Colorado’s First Gentleman Marlon Reis is back on Facebook trying to stir up a fight with livestock owners with claims that relocated wolves are suffering because of their “fairy tale” concerns.

But didn’t Reis just shut down his social media page a couple of weeks ago after another dustup with ranchers, PeakNation™ is asking?

Yes, he did, allegedly to prevent it from becoming a “forum for misinformation” over a completely different wolf topic.

Yet it looks like his shutdown never actually missed a day, judging by the slew of canned posts that proliferate Reis’s page.

This week’s hissy fit is over the capture and removal of the Copper Creek wolf pack that had developed a depredation history.

Reis is upset that Colorado Parks and Wildlife (CPW) employees didn’t act as PR agents for the wolves to protect the animal’s reputations and feels the apex predators were being unfairly criticized for (checks history) killing and eating livestock.

Meanwhile, the male of the pack had severe injuries unrelated to the transfer, and has since died, CPW reports.

In his recent post, Reis said:

“I’m sure CPW had its reasons for not openly celebrating the reintroduction, but its media silence created an information vacuum in which extreme anti-wolf sentiment was permitted to dominate the airwaves.

“When you don’t tell your side of the story, you allow your detractors to tell theirs without any accountability to the truth. And that’s what happened.

“We have all suffered from a lack of balanced coverage.

“Negative spin was modest at the start, but in the weeks leading up to the capture and removal of the Copper Creek pack, headlines invoking the nonsensical fairy tale fears of Little Red Riding Hood were everywhere to be found, and there was nothing positive to fall back on.
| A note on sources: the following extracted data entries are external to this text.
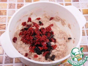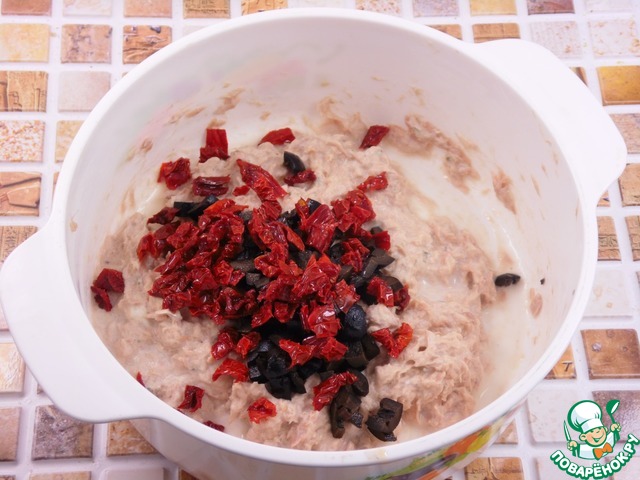 Маслины и вяленые томаты нарезать мелкими кубиками. Выложить их в сырно-рыбную начинку, перемешать.
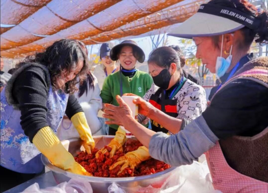 不一会儿,一大盆骨头鲊拌好了,红彤彤的,看着就喜庆。大家掏出手机拍照,要把这难得的体验记录下来。这不只是一次手工体验,更是走进了施甸人的生活,触摸到了这片土地的烟火气。
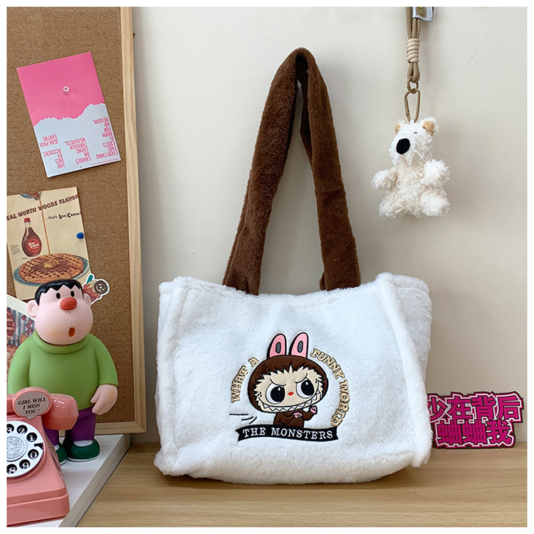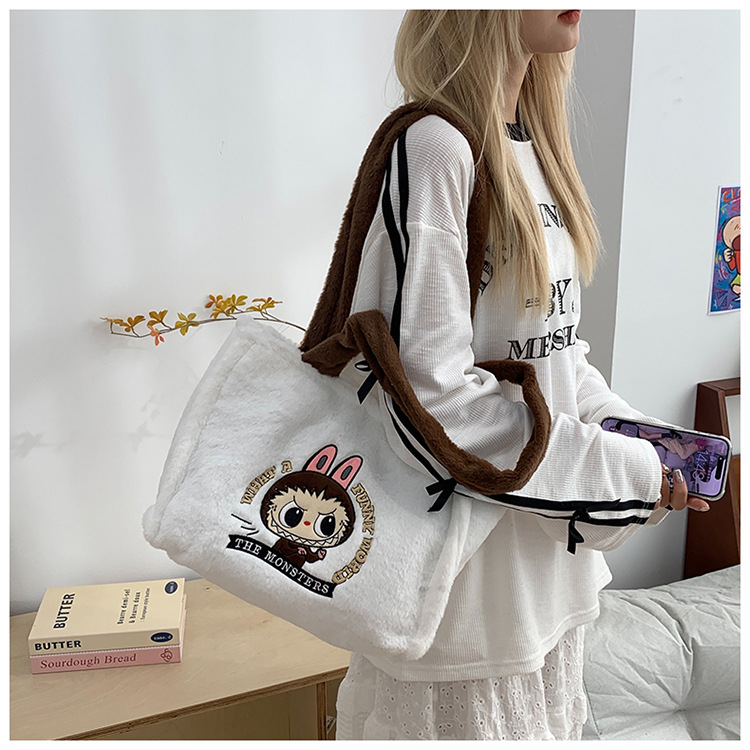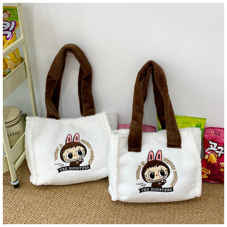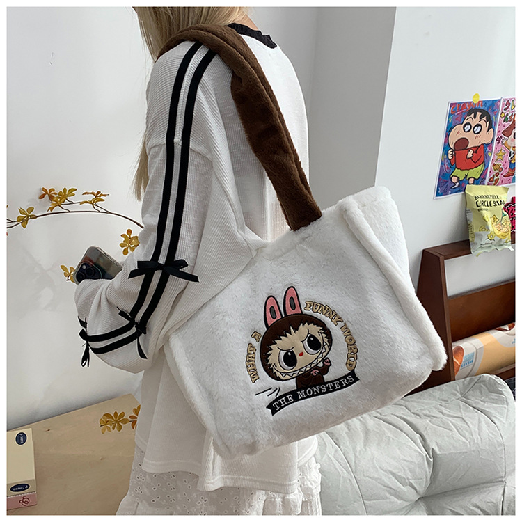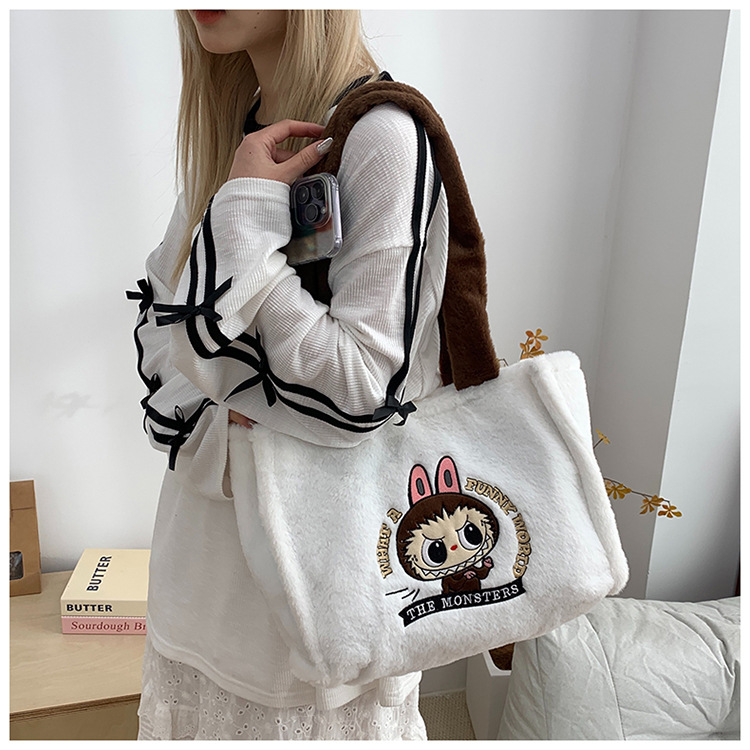 만화 귀여운 봉제 핸드백 만화 대용량 여성용 토트 백 캐주얼 올 매치 개인화 된 여성용 어깨 가방스토어 가기
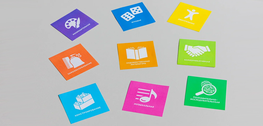 Так называемая методичка «Простоквашино» оформлена в виде посылки (привет, почтальон Печкин!). Начинается занятие с того, что дети выбирают для себя один из 9 видов деятельности: игровая, музыкальная, коммуникативная, познавательно-исследовательская, изобразительная, конструирование, двигательная, самообслуживание, чтение художественной литературы.
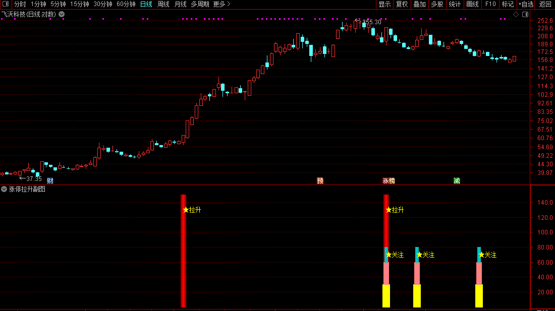 策略:当出现“关注”信号时,表示股票在上升趋势中出现了短线介入机会。当出现“拉升”信号时,表明上涨动能强劲,是持股或跟进的标志。
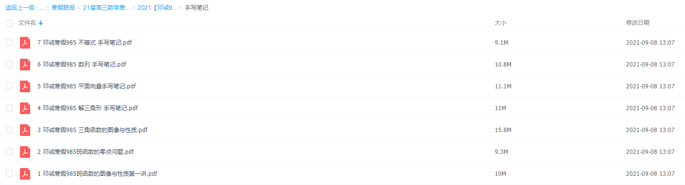 2021猿辅导邓诚数学高三目标985班寒1期课程手写笔记
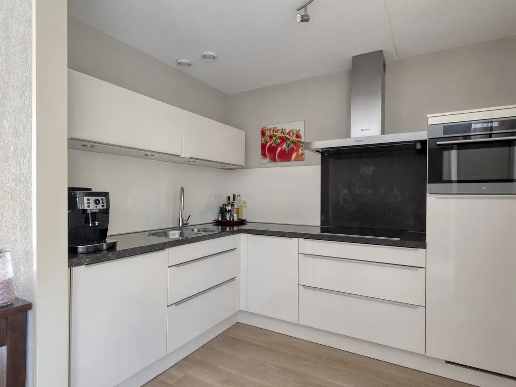 De moderne keuken (2011) is uitgevoerd in een L-opstelling en voorzien van alle benodigde inbouwapparatuur: inductiekookplaat, oven, vaatwasser, afzuigkap en koelkast.
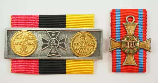 Anbei ein wohl später gefertigtes dreiteiliges Barett mit der Goldenen Ehrenmedaille für den Sieg bei Brienne, 1. Febr. 1814 / Silbernes Ehrenzeichen für den Feldzug von 1815 / Goldene Ehrenmedaille für den Sieg bei La Fére Champenoise, 25. März 1814, mit eingeschlauftem Band. Dazu weitere Miniaturbänder.
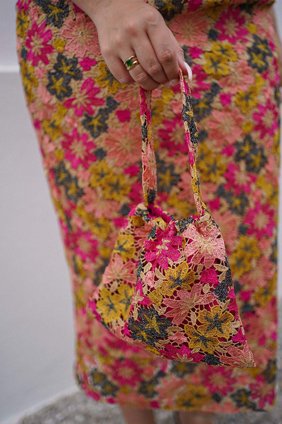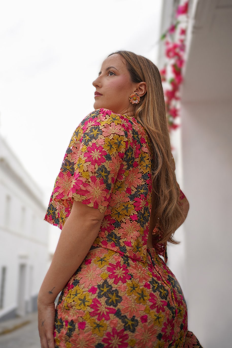 Su diseño destaca por un delicado guipur en tonos pistacho, rosa, coral y gris piedra, con un sutil hilo dorado que aporta pequeños destellos al sol. Una combinación única que crea una armonía cálida y sofisticada, elevando cualquier look con elegancia.

“Had CPW celebrated the past nine months rather than remain silent, milestone successes could have been channeled into a shield to defend the Copper Creek pack and the program as a whole. The wolves needed that protection against those who are now celebrating and taking credit for the dissolution of the Copper Creek pack.”

 

Moving forward, Reis made it known to the government employees who answer to his partner, Gov. Polis, they must do “everything possible to ensure animals don’t suffer because of people who still believe in fairy tales.”

It’s unclear if Reis was referring to any specific Disney fairy tale in which deadly creatures coexist in harmony with their food and with humans. And talk to us, in English.

Last time we checked, the food chain is not a fairy tale.